In summary, this study explores impact of the volute tongue position on the hydraulic and hemolytic performance of a centrifugal blood pump. The tongue angle of 20° demonstrated the minimum blood damage risk among five models (10° to 50°) with an adequate hydraulic outputs. The blood damage potential and radial imbalance increases gradually as the tongue angle grows larger than 20°. Although the 10° tongue angle represents the best hydraulic output and efficiency, yet it indicates slightly higher hemolysis index compared to 20° tongue angle. Our findings showed a maximum increase in the hydraulic efficiency and pressure head up to %9.1 and %8.8 respectively when the volute tongue was modified. However, the same modifications resulted a substantial improvement of in-silico hemolysis estimation up to 77.8% at the design point.
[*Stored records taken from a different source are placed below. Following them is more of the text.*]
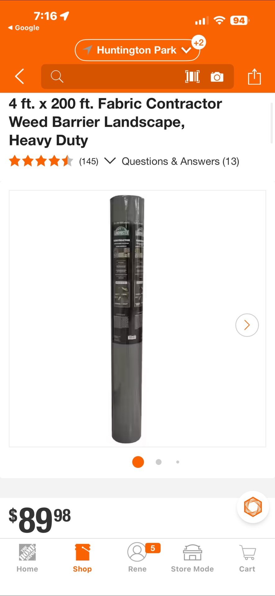 Landmaster 4 ft. x 200 ft. Fabric Contractor Weed Barrier Landscape, Heavy Duty Price x each Price firm
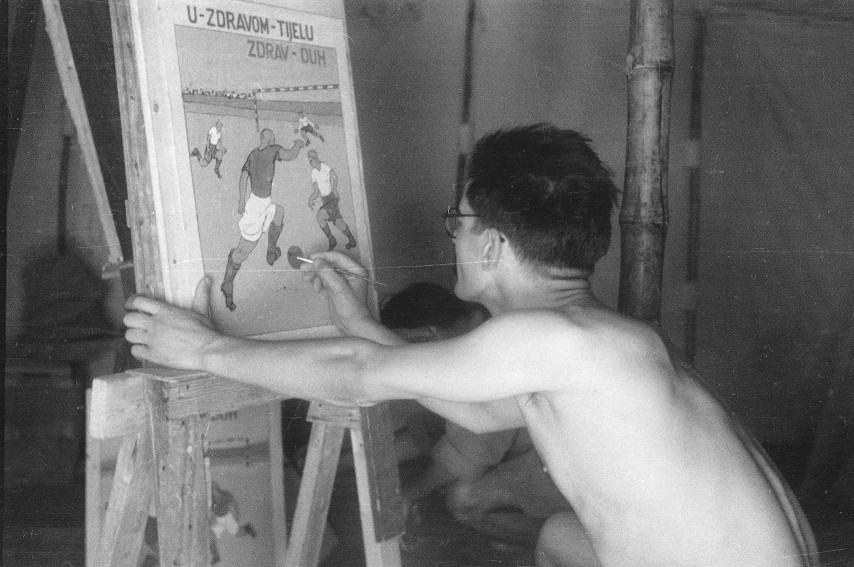 Likovni umjetnici i pedagozi Ante Kostović, Ante Šitić, Rudolf Bunk, Živko Kljaković i Kuzma Vitaljić osnovali su Školu za umjetni obrt i Pionirsku radionicu, gdje su zajedno s polaznicima oblikovali vizualni identitet logora. Fotografsku radionicu je vodio splitski fotograf Ljubomir Garbin. Učenici i polaznici radionica, mnogi bez prethodnog umjetničkog obrazovanja, sudjelovali su u stvaranju natpisa, plakata, ilustracija, zidnih novina i dekoracija. U tom je procesu prevladavao duh kolektivnog rada i zajedničke svrhe: autorstvo je rijetko isticano, a dizajnerska su rješenja nastajala kroz zajedničko promišljanje, improvizaciju i dijeljenje znanja. Tek se manji broj radova može atribuirati pojedincima, dok je većina nastala kao rezultat anonimne, ali izrazito žive zajedničke prakse.
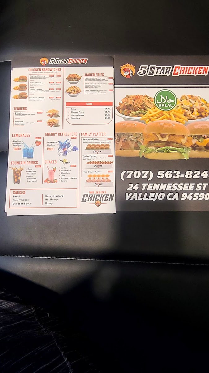 If you're craving a delicious and satisfying meal, look no further than the Five Star Chicken Menu at their convenient location on 24 Tennessee St, Vallejo, CA. Here, you’ll find a variety of tasty options that are sure to hit the spot. From their signature crispy fried chicken to mouthwatering sides, there’s something for everyone to enjoy. Whether you’re in the mood for a classic combo or something with a little more flair, the menu offers a range of choices that are perfect for a quick bite or a relaxed meal with friends.
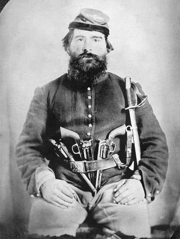 Представьте себе, что сначала вы насыпаете в каждый стаканчик барабана порох, потом туда же укладываете пыж, потом всё это старательно уплотняете шомполом. Шомпол с рычажком у этих револьверов находится под стволом, кстати. Потом, наконец, вы в этот стаканчик укладываете пулю и снова пыж. И опять всё уплотняете шомполом. Процесс повторяете от пяти до семи раз и более в зависимости от количества зарядных камор в барабане. Когда закончили с зарядами, вам ещё нужно перевернуть револьвер и аккуратно установить на брандтрубки капсюли. А теперь представьте себе, что всё это нужно проделать сидя в седле во время пыльной бури, или дождя, или снегопада, или… много неприятностей может быть. Ясно, что зарядить пистолет можно было только перед боем. Потом будет некогда. Поэтому стрелки стали носить по два револьвера и даже больше (если финансы позволяли). Вот эндак это выглядело:
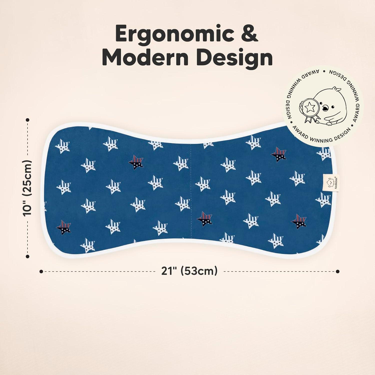 The Figure-8 Full Shoulder Coverage – Our organic baby burp clothes for baby girls and baby boys, sized at 21″ x 10″, are wide enough to cover your shoulders. The unique figure-8 design prevents the burp rags from slipping.
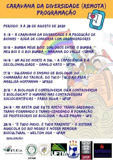 A relação entre o humano e a biodiversidade é tema da Caravana da Diversidade que, nesta edição, vai promover oficinas virtuais e gratuitas entre os dias 3 e 28 de agosto. Uma das propostas é pensar ações conjuntas que investiguem a sociobiodiversidade enquanto conteúdo escolar.

This observation proves valuable for further research into this subject by repeating this study by considering the limitations. In our research we observed this by working on blood analogue fluid is used for the physical tests and the hydraulic efficiency was estimated from the in-silico findings. Also, depending on the impeller-volute interaction type and dimensional tolerance, the optimal volute tongue angle could vary significantly between different blood pump designs and further research is required considering this variation. Acknowledging these limitations, this study does not claim to establish a gold standard method for designing a volute geometry, rather it reveals the effect of the tongue position on a fixed impeller-varying volute tongue couple. Future studies with in-vitro blood tests and different impeller-volute examples may reveal further insights about the volute tongue position in LVAD design. Finally, this study provides an original insight to blood pump designers for finding the best volute tongue position to reduce the blood damage risk, increase the efficiency, minimize the power needs of a magnetic bearing or decrease the possible wear of the mechanical bearings.